The observed stronger iEEG-breath coherence when subjects correctly tracked their breath, compared with when they did not, cannot be explained simply by changes in arousal state. First, alpha power, a proxy of arousal (Cantero et al. 1999; Klimesch et al. 1998), did not differ between correct and incorrect breath-count blocks (Fig. 9A, inset).
Second, respiration rate changes did not impact the effect of attention on iEEG-breath coherence (Fig. 10F): both subjects showed increases in coherence despite having different respiratory strategies (subject 7 showed reduced rate with attention to breath, whereas that for subject 8 increased).
Third, when subjects participated in a task requiring sustained attention to an external stimulus (with arousal levels approximately similar to those during breath tracking; Fig. 10A), iEEG-breath coherence did not increase from that observed during natural breathing (Fig. 10, B–E). If anything, iEEG-breath coherence in the Acc was weakly reduced as arousal increased (subject 7: r = 0.27, P = 0.0001; subject 8, r = 0.2, P = 0.017).
In other areas, no significant effects of arousal during the exteroceptive attention task were noted. Indeed, iEEG-breath coherence in the Acc during tasks requiring exteroceptive attention may impair performance: because strong iEEG-breath coherence results in increased slow oscillatory power (particularly at the respiratory frequency, Fig. 2B), it is tempting to speculate that it may be incompatible with concurrent increases in faster oscillatory rhythms that often support efficient performance in exteroceptive attention tasks (Başar et al. 2001).
Conversely, when attention is focused interoceptively, on the breath, as in some meditative practices (e.g., Breath Theravada), high iEEG-breath coherence could be an important neural phenomenon supporting effective breathing concentration.
Respiration rates differed across participants during correct breath counting (Fig. 10F; subject 7 showed slower respiration rate, whereas subject 8 showed a faster rate). Importantly, both subjects show increased iEEG-breath coherence.
A similar effect may occur in the volition rate experiment, suggesting that the increased coherence observed during faster breathing may be explained by the volitional aspects of respiration and not the respiration rate. Future studies using volitional pacing of breathing might explore a pacing that is slower than the spontaneous breathing rate.
This would allow us to disambiguate whether the increased coherence observed in our volitional pacing experiment was due to the rate of breathing or the volitional aspects of it. In addition, important statistical efforts have been applied to CFC and coherence computations (e.g., projected CFC/coherence in the complex plane; Miller et al. 2012), rather than the long-time resampling used in the present study), and future studies should take this approach into account.

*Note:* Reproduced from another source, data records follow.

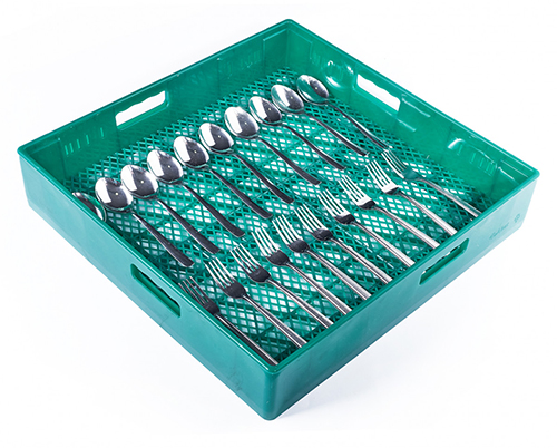 В комплект поставки входят 2 кассеты для мытья тарелок, 2 - для стаканов и чашек, 2 стакана для приборов и 2 металлические сетки для нейтральной кассеты.
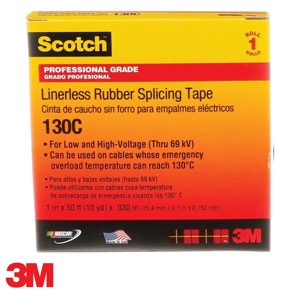 La cinta 130C de Scotch® es una cinta de goma para empalmes sin revestimiento de primera calidad, tiene 30 mil. de espesor, es utilizada para empalmar y terminar cables y alambres. Soporta temperaturas de hasta 194 ° F (90 ° C) con sobrecarga de emergencia de hasta 266 ° F (130 ° C). La cinta tiene excelentes propiedades eléctricas y mecánicas para proporcionar protección contra la humedad.
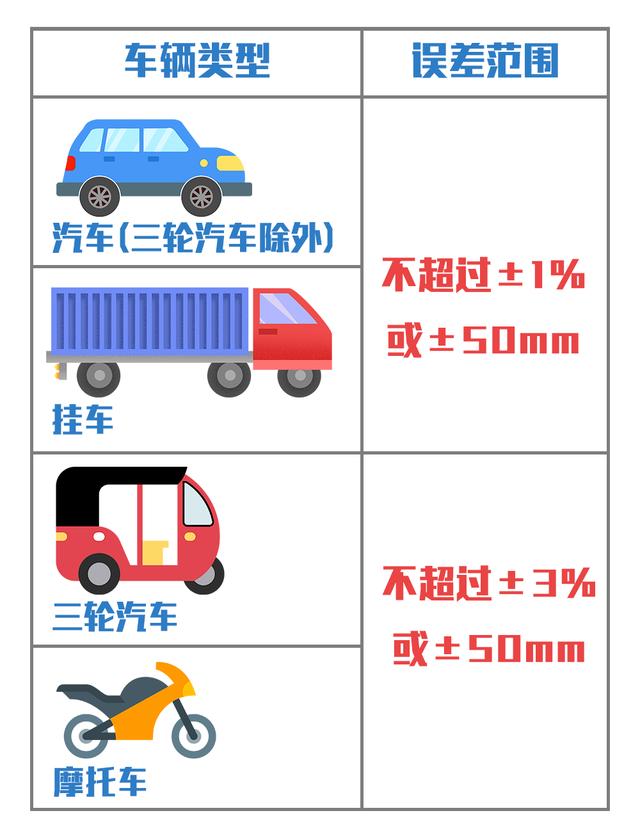 注冊登記安全檢驗時,機(jī)動車外廓尺寸實測值不應(yīng)超出GB7258、GB1589規(guī)定的限值,且與機(jī)動車產(chǎn)品公告,機(jī)動車出廠合格證記載的數(shù)值相比,誤差應(yīng)滿足:
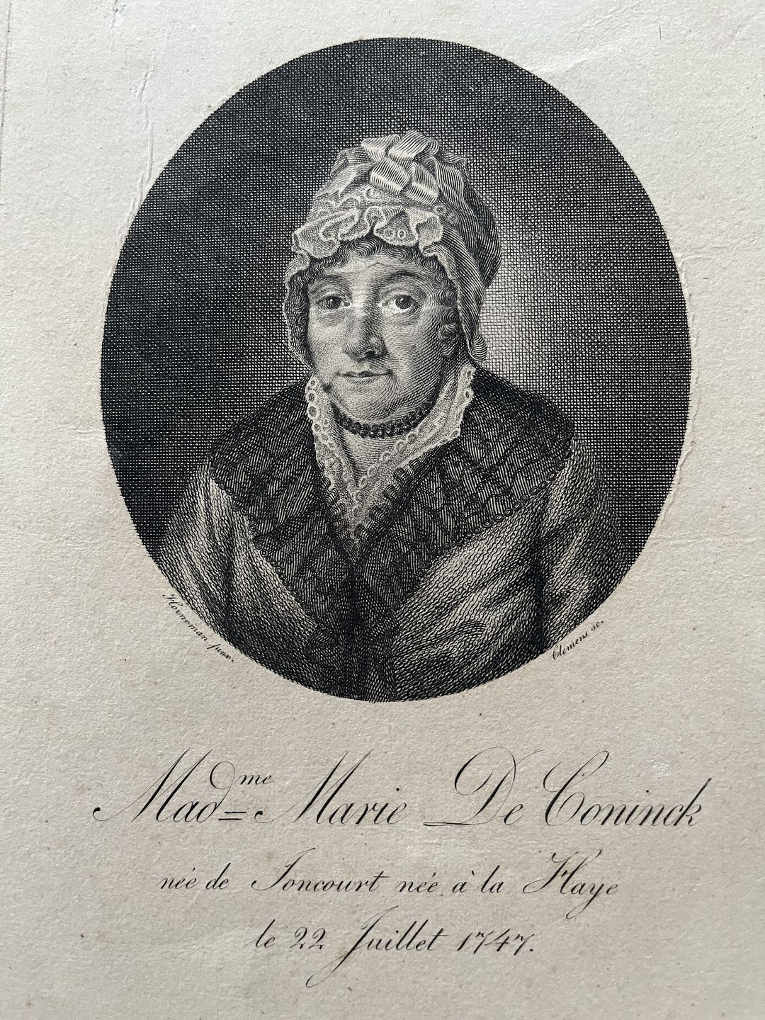 Betegnet - Mademe Marie de Coninck.

In summary, our data support the link between respiration and brain activity, proposing respiration rhythms as an organizing principle of cortical oscillations in the human brain, as recently proposed in mice (Tort AB, Ponsel S, Jessberger J, Yanovsky Y, Brankačk J, Draguhn
A, unpublished observations). Moreover, respiration rate in humans can be controlled volitionally or attended to while brain activity is measured. In implementing these conditions with concurrent monitoring of breath and intracranial EEG, we demonstrate a network of areas involved in volitional (caudal-medial frontal, premotor, orbitofrontal, and motor cortex, insula, superior temporal gyrus, and amygdala) and attentive breathing (anterior cingulum, premotor, insula, hippocampus), providing insight into potential brain mechanisms involved in therapeutic breathing exercises (Farb et al. 2013; Kemmer et al. 2015; Levinson et al. 2014).